Lallement G, Foquin A, Baubichon D, Burckhart M F, Carpentier P, Canini F
Unité de Neuropharmacologie, Centre de Recherches du Service de Santé des Armées, La Tronche, France.
Neurotoxicology. 1998 Dec;19(6):759-66.
Stress due to forced swimming was recently shown to allow penetration of pyridostigmine (PYR) into the brain of mice. Accordingly, it was suggested that in troops exposed to emotional stress under conditions of war, as during the Gulf War, the BBB may have unexpectedly become permeable to PYR thus leading to an increased frequency of CNS symptoms. In this study, the entry of PYR into the brain was investigated in guinea pigs subjected to different heat stress levels. In a first group, guinea pigs were maintained at room temperature for 2 hours, their core temperature remaining stable at about 39.8 degrees C. In a second group, animals were placed in a climatic chamber in order to keep their core temperature at 41.5 degrees C for 2 hours. In a third group, animals were subjected to a high ambient temperature (42.6 degrees C) during about 2 hours and developed heatstroke symptoms, their core temperature progressively increasing and reaching around 44.3 degrees C. In each group, the stress of the animals was assessed by measuring the increase of plasma cortisol level. PYR (0.2 mg/kg, s.c.) was injected 90 minutes after beginning the experiment. Penetration of the drug into the brain was examined by measurement of acetylcholinesterase (AChE) activity in the cortex, the striatum and the hippocampus of the animals 30 minutes after PYR administration. A passage of this drug into the brain was also evaluated autoradiographically after i.v. injection of tritiated PYR 90 minutes after the beginning of the experiment (100 microCi/animal). Whatever the group examined, no entry of PYR into the CNS could be detected. Exposure to an ambient temperature at 42.6 degrees C for 2 hours resulted by itself in a partial inhibition of cerebral AChE activity. Our results, which agree with previous data obtained in humans exposed to heat stress, are opposite to the recent research showing a central passage of PYR in mice following a forced swim stress test. This demonstrated that the penetration of PYR into the brain of rodents under stress depends on the experimental conditions used (animal species, nature of the stressor, etc.). Extrapolations to humans of results primarily obtained in rodents about central passage of a drug under stress must thus be done very carefully.

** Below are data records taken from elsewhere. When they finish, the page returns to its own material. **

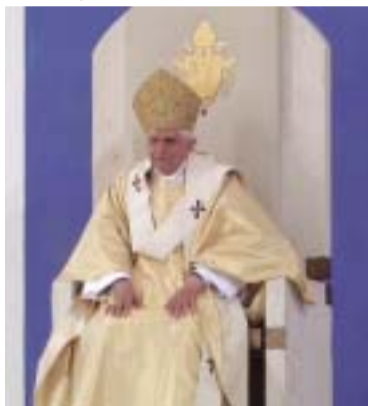
unten: Der Papst mit Mitra auf dem Thron - wie ein heidnischer Götterpriester

ist, verdunkelten die Priester diese urchristliche Wahrheit. Sie schwangen sich selbst zu Götterpriestern auf, die den Menschen vorgaukeln, den Zugang zu Gott vermitteln zu können. In Wahrheit haben sie keinen Bezug zum Ewigen. Mit dem Einen, der im Urgrund der Seele jedes Menschen wohnt, haben sie nichts gemeinsam. Sie huldigten über Jahrtausende heidnischen Kulturen wie dem Baalkult und übertrugen ihre heidnischen Rituale und Zeremonien kurzerhand auf das Christentum, das von da an nur noch dem Namen nach eines war. Sie setzten sich selbst zu Göttern dieser Welt ein, die bis heute in Roben und goldbestickten Gew
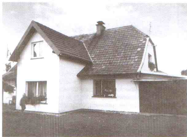
Najładniejsza posesja – Wspólnota Mieszkaniowa Naćmierz 14,
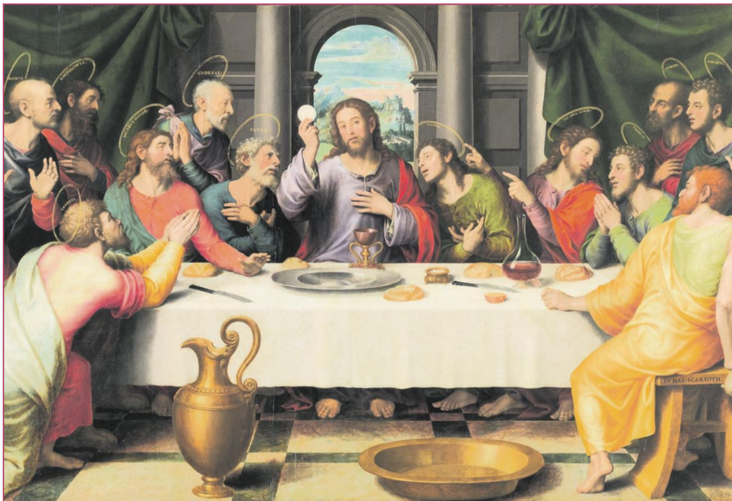
La 'Santa Cena', de 1562, actualmente en el Museo del Prado, es una de las cumbres pictóricas de Juan de Juanes.

Su estilo acabó sirviendo de plantilla por estos lares
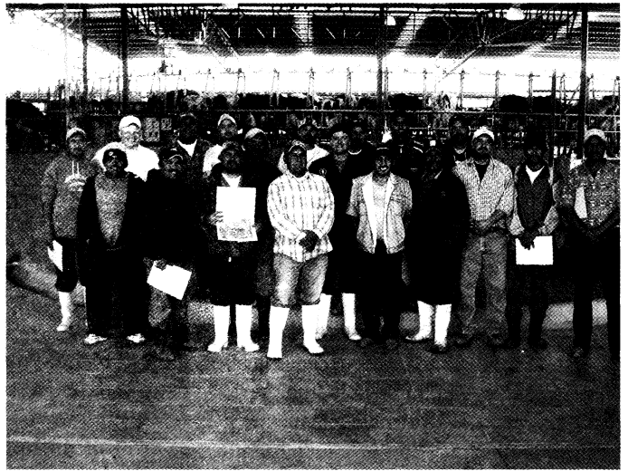
Entrega de certificados.

Es necesario tomar conciencia de las diferencias que existen entre las personas, no todo el personal muestra la misma capacidad laboral, disponibilidad al trabajo, compromiso, etc. El reconocimiento de estas diferencias puede ser de orden económico o de diversos beneficios laborales. La ausencia de diferenciación conduce a considerar que no vale la pena el esfuerzo ya que todo da igual, desestimula y en ocasiones origina riñas u enojos y un ambiente laboral de estancamiento y mediocridad. Se debe considerar los estímulos económicos con cierta precaución, en ocasiones el otorgamiento de dinero no genera los resultados esperados. Sin embargo, el reconocimiento honesto a la buena labor, la
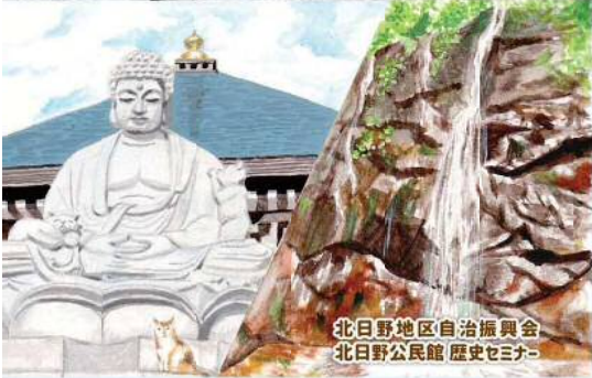
北日野地区自治振興会 北日野公民館 歴史セミナー
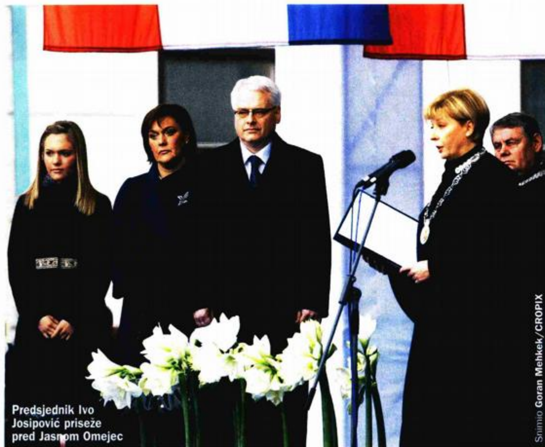
Predsjednik Ivo Josipović priseže pred Jasnom Omejec
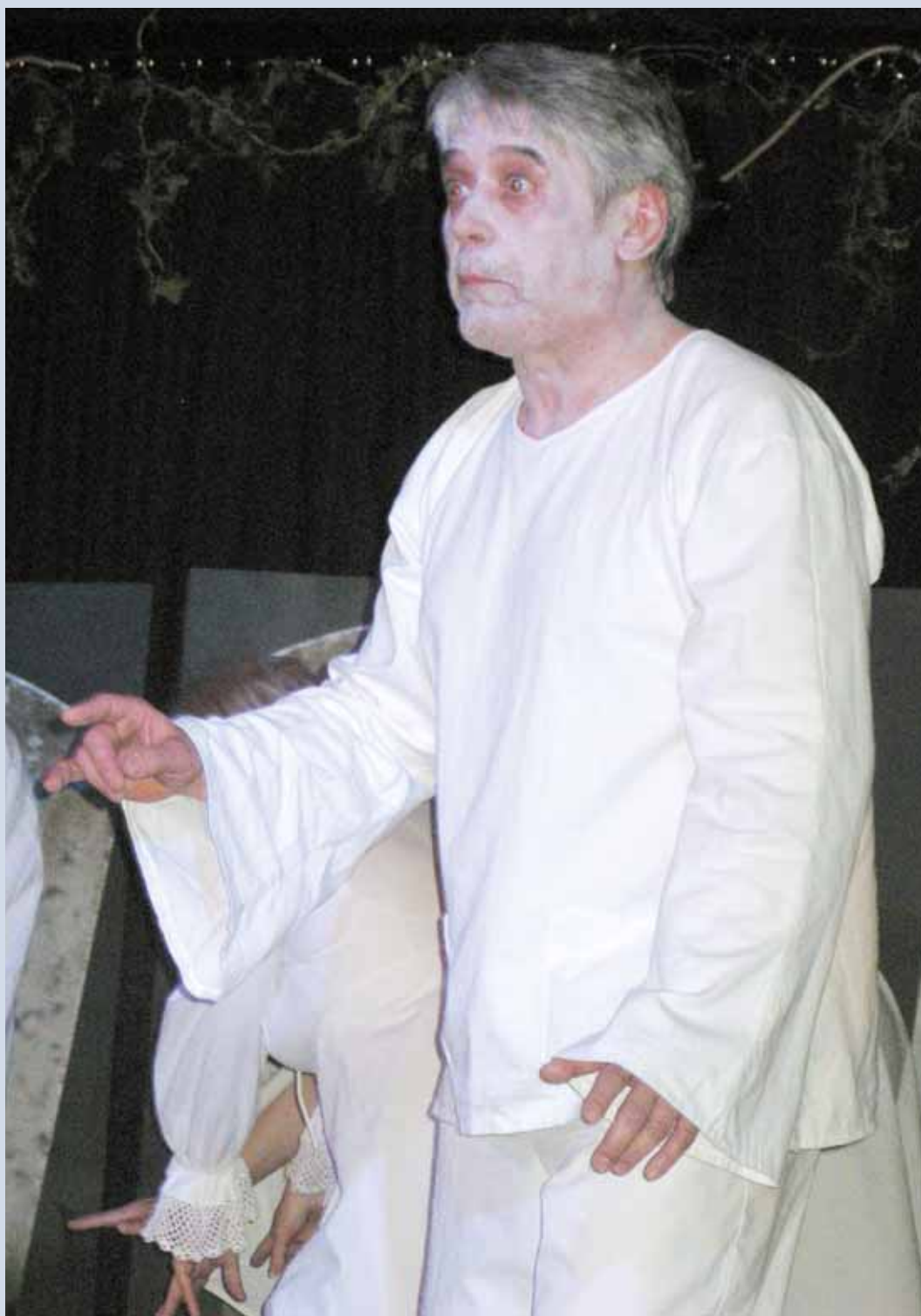
Kultura. Premiéru nového divadelního představení Ducháčkové sehráli o víkendu ráječtí ochotníci. Páteční premiéru i nedělní reprízu sledoval vyprodaný sál kulturního centra K-áčko. Více na str. 2
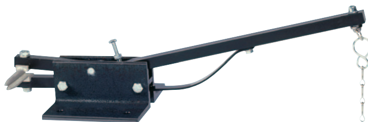
Инструмент серии H
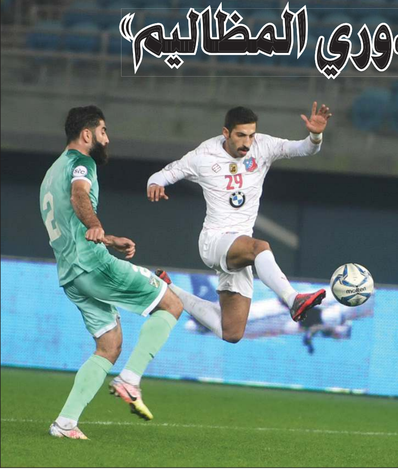
العربي يعوض خسارة كأس السوبر ويفوز على الكويت بثلاثية
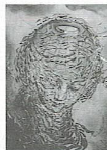
PORTADA Dalt-Oleo 1951 "Cabeza rafaelsca estallando"

Revista ODONTOS Edición N°4 - Agost-Sept-Oct.
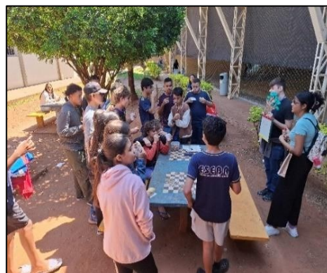
Figura 11 - Jogo de Força plurilíngue
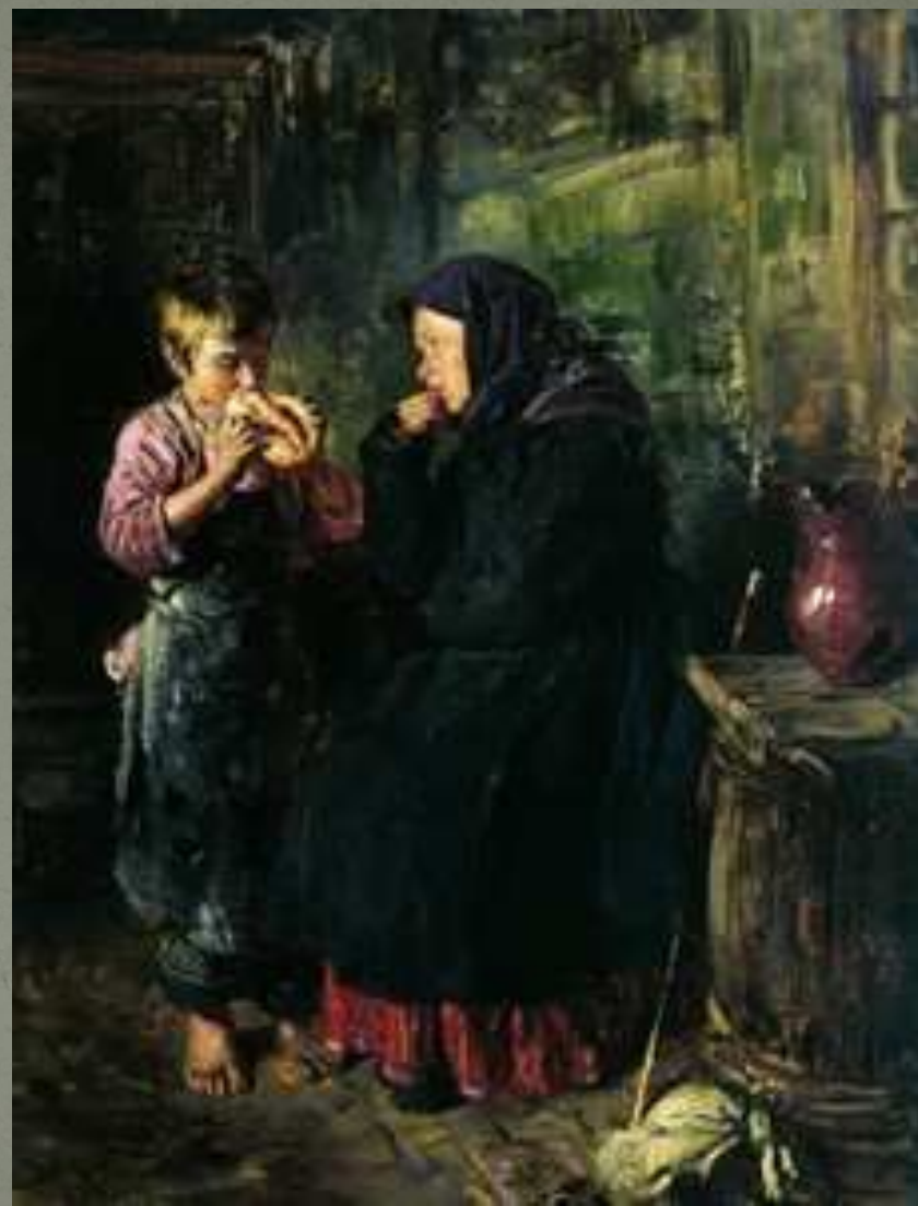
В. Маковский «Свидание»
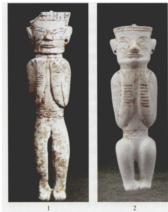
图一 安徽含山凌家滩出土玉人像 1. 87M1：1 2. 98M29：14

良渚文化的神人形象 良渚文化最重要的文化现象之一是在大型墓葬中随葬玉琮、玉钺和玉璧。这些特殊玉器上往往饰有独特的兽面纹，其中尤以玉琮为突出。琮造型独特，其突出之处即是它的纹饰。据观察，“对兽面纹的表现，应是琮最基本的成型意图”。这类纹饰基本上由双眼、鼻、嘴（分有獠牙和无獠牙两种）组成，造型抽象。1986年，余杭反山M12出土的琮、钺上出现了完整而详细的图案形象（图二），揭开了良渚玉器上纹饰结构之谜。据发掘者研究，“其上端为一略呈弓形的冠，冠下缘的正中有一倒梯形的脸框，脸框内有圆圈的眼，眼的两侧各刻以短线表示眼角，鼻作悬蒜状，两侧刻有鼻翼，口部作扁圆形，内刻平齐的牙齿，显然是一个人的面部。脸框外缘为饰
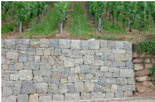
Die Übergänge zwischen alten und neuen Mauern werden beobachtet.

Alle neu erstellten Mauern wurden aufgenommen in ein Inventar der Trockenmauern. Der Zustand der Bauwerke wird jährlich durch einen Fachmann auf allfällige Defekte überprüft. Bei Bedarf können wir schnell reagieren. So stellen wir sicher, dass Mauern und Treppen immer in bestem Zustand bleiben.
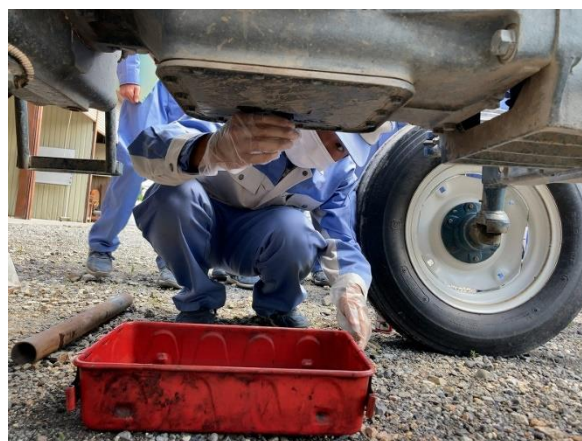
エンジンオイル交換から始めます
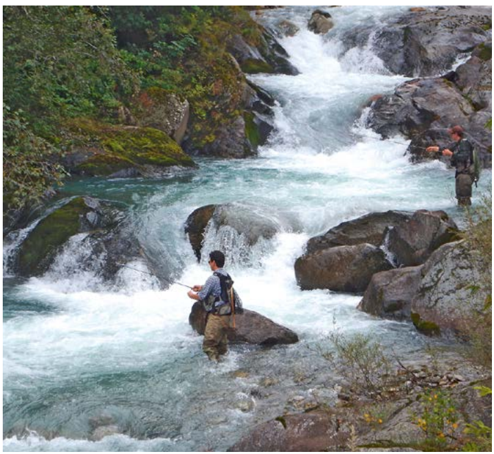
Wildbach Vermigliana - zone NK3
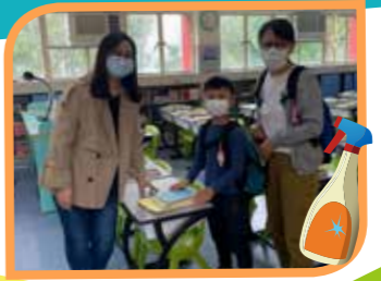
同學親自回到學校領取課業·這麼久沒跟老師見面·合照一張吧!
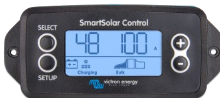
SmartSolar pluggable display
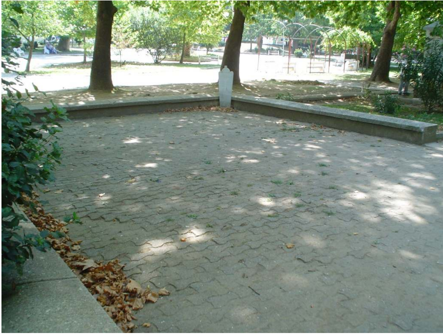
Ek 12: Namazgâh
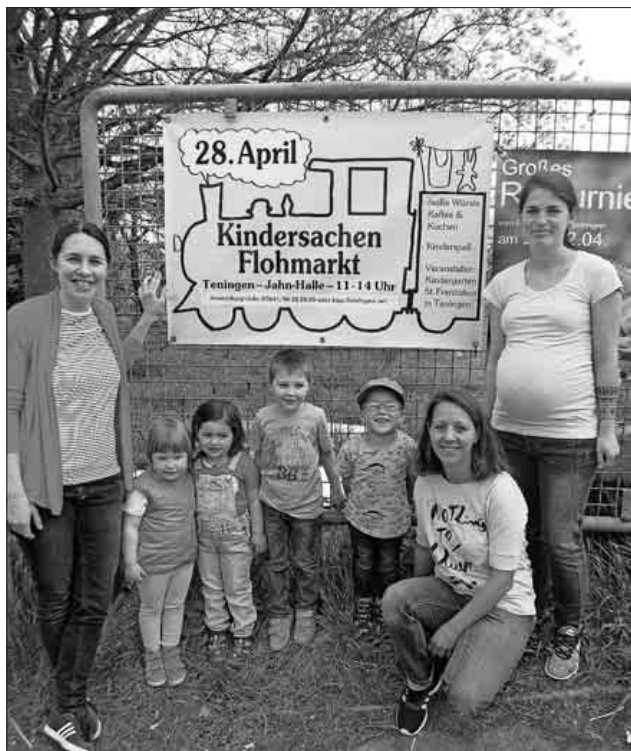
Mit Hilfe der Kinder wurden am Wochenende die Werbebanner aufgehängt.

Das Orga-Team sorgt für Speisen und Getränke und es gibt eine große Kuchen-Theke mit über 50 leckeren Kuchen. Ein großes Rahmenprogramm rundet den Flohmarkt ab. Der gesamte Erlös kommt den Projekten des Kindergartens St. Franziskus zugute.

最近研究表明,强迫游泳造成的应激可使吡啶斯的明(PYR)进入小鼠大脑。因此有人提出,在战争等情况下,如海湾战争期间,暴露于情绪应激的部队中,血脑屏障(BBB)可能意外地对PYR变得通透,从而导致中枢神经系统(CNS)症状出现频率增加。在本研究中,我们研究了处于不同热应激水平的豚鼠中PYR进入大脑的情况。第一组豚鼠在室温下饲养2小时,其核心体温保持在约39.8℃稳定。第二组动物被置于气候箱中,以使它们的核心体温在41.5℃保持2小时。第三组动物在约2小时内处于高温环境(42.6℃)并出现中暑症状,其核心体温逐渐升高并达到约44.3℃。在每组中,通过测量血浆皮质醇水平的升高来评估动物的应激情况。在实验开始90分钟后皮下注射PYR(0.2mg/kg)。在给予PYR 30分钟后,通过测量动物大脑皮层、纹状体和海马体中的乙酰胆碱酯酶(AChE)活性来检查药物进入大脑的情况。在实验开始90分钟后静脉注射氚标记的PYR(100μCi/动物)后,也通过放射自显影评估该药物进入大脑的情况。无论检查哪一组,均未检测到PYR进入中枢神经系统。暴露于42.6℃的环境温度2小时本身会导致大脑AChE活性部分受到抑制。我们的结果与先前在暴露于热应激的人类中获得的数据一致,与最近关于强迫游泳应激试验后PYR在小鼠中进入中枢的研究结果相反。这表明应激条件下PYR进入啮齿动物大脑取决于所使用的实验条件(动物种类、应激源性质等)。因此,将主要在啮齿动物中获得的关于应激条件下药物进入中枢的结果外推至人类时必须非常谨慎。